Il Bangladesh non è un buon paese per i profughi. La gente è troppa, è povera e la terra scompare poco a poco sotto l’acqua del fiume che cresce ogni giorno. L’Italia, invece, è un buon paese. Non ci sono inondazioni, né carestie, se sei malato puoi andare in ospedale. É un paese in cui a volte ti danno i documenti.

Io non ce l’avevo mai avuto un documento, fino ad ora. Né in Myanmar, né in Bangladesh, né lungo la strada che ho fatto per venire fin qui. Con questo documento nella tasca, ora posso camminare per strada guardando negli occhi la gente, perfino la polizia. Posso firmare un contratto di lavoro. Con questo documento io mi addormento la sera sapendo che, se sono forte e fortunato, potrò vivere come tutti gli altri. Abitare in una casa come tutti gli altri. Alzarmi al mattino, andare a letto la sera. E nessuno potrà mai più cacciarmi via.

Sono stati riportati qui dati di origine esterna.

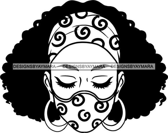 Afro Woman Messy Hair Wearing Face Mask Headband Black Girl Magic Melanin Popping Hipster Girls SVG JPG PNG Layered Cutting Files For Silhouette Cricut and More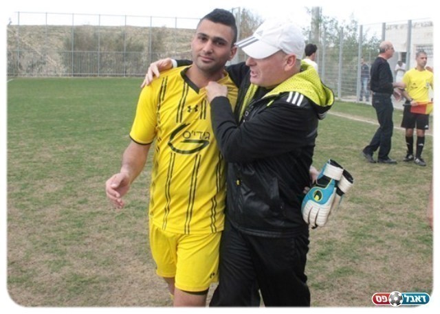 הקריב את עצמו למען הקבוצה. ניר מברך את כראדי (צילום: שי מוגלבסקי)

Ripenso a ieri, a quando mi ha chiamato quella voce. C’era un suono diverso, in quella voce? O me lo sono solo immaginato? Era l’ultima volta che quella voce diceva Jawal, l’uomo che non ha nessun posto. Poi mi hanno dato i documenti e hanno detto Jawal, l’uomo che ha un posto in cui stare.

Non significa che tutto sia apposto. Devo trovare un lavoro, una casa, il progetto sta per finire, presto sarò da solo. In Bangladesh, nel campo profughi, non eri mai da solo. Non c’era abbastanza posto per esserlo. Certo, se avevi dei guai, potevi sempre chiamare qualcuno. I guai erano così grossi, però, che tutta la gente del mondo non poteva aiutare a risolverli. Quando sono partito, sulla strada ho capito che era meglio essere solo. E, se avevi dei guai, era meglio non dirlo a nessuno. Sulla strada, invece di aiutarti, la gente stava a guardare dove i tuoi guai ti portavano e ti rubava tutto quello che avevi, mentre eri impegnato a risolverli. In Italia ho scoperto che ci sono guai che si possono risolvere e guai che non si possono risolvere. Quando si possono risolvere, a volte qualcuno ti aiuta.

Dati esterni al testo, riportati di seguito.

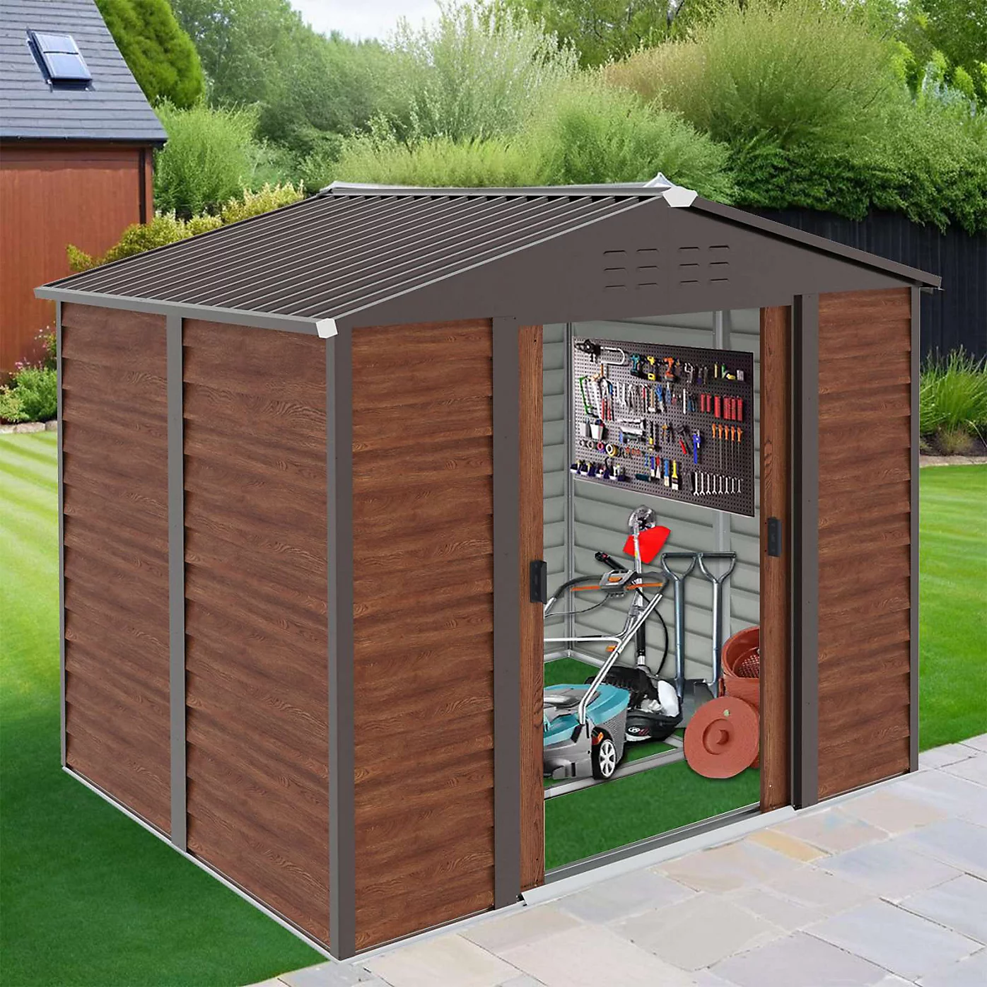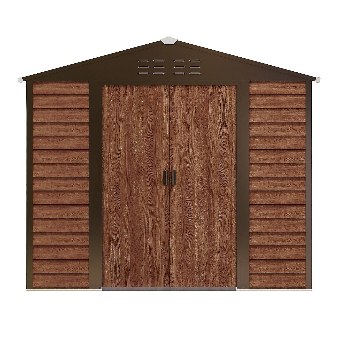 The Pro-Tect 8’x6′ Woodlook Metal Apex Shed with Foundation Grid – Brown features a minimalist design with premium-grade materials, perfectly combining aesthetic appeal with outstanding durability.

Ma adesso, quando penso a ieri e a quella voce, i miei futuri guai non mi fanno più paura. Sono molto diversi da quelli che avevo prima. Prima erano mari profondi, montagne alte. Ci voleva tutta la forza del mondo per superarli. Adesso che quella voce ha chiamato, ha detto Jawal l’uomo con i documenti, ha cambiato anche i miei guai, oltre a me. I nuovi guai non sono più crepacci e oceani, sono i gradini di una lunga scala. Quel genere di scala che con la tua forza di uomo, se prendi un paio di respiri e ti fermi qualche minuto a riposare, ci riesci senza dubbio ad arrivare in cima.

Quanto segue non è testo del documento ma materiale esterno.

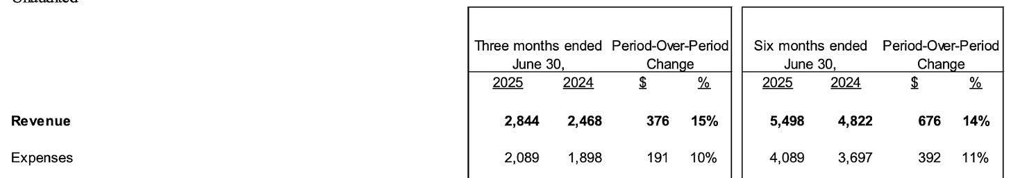 Constellation reported pretty good numbers in Q2, with the highlight probably being organic growth and margin expansion. Let’s start with the latter. Revenue grew 15% in Q2, but Expenses only grew 10%, meaning that Constellation experienced strong operating margin expansion (this was also true for the first six months of the year):

Adesso si tratta solo di salire. Piano piano, gradino per gradino, giorno per giorno. Arriva un problema e si risolve. Quella voce ha chiamato, ha detto il mio nome e il mio stato. Ha detto che sono stato accettato. I guai veri mi sembrano finiti. Sono forte, giovane e imparo in fretta. Ho due mani, un nome, una voce e una carta in tasca. Una carta che dice che ho diritto di restare. Che ho diritto di stare. Ora Mohammad Jawal ce la farà. Ora Mohammad Jawal esiste.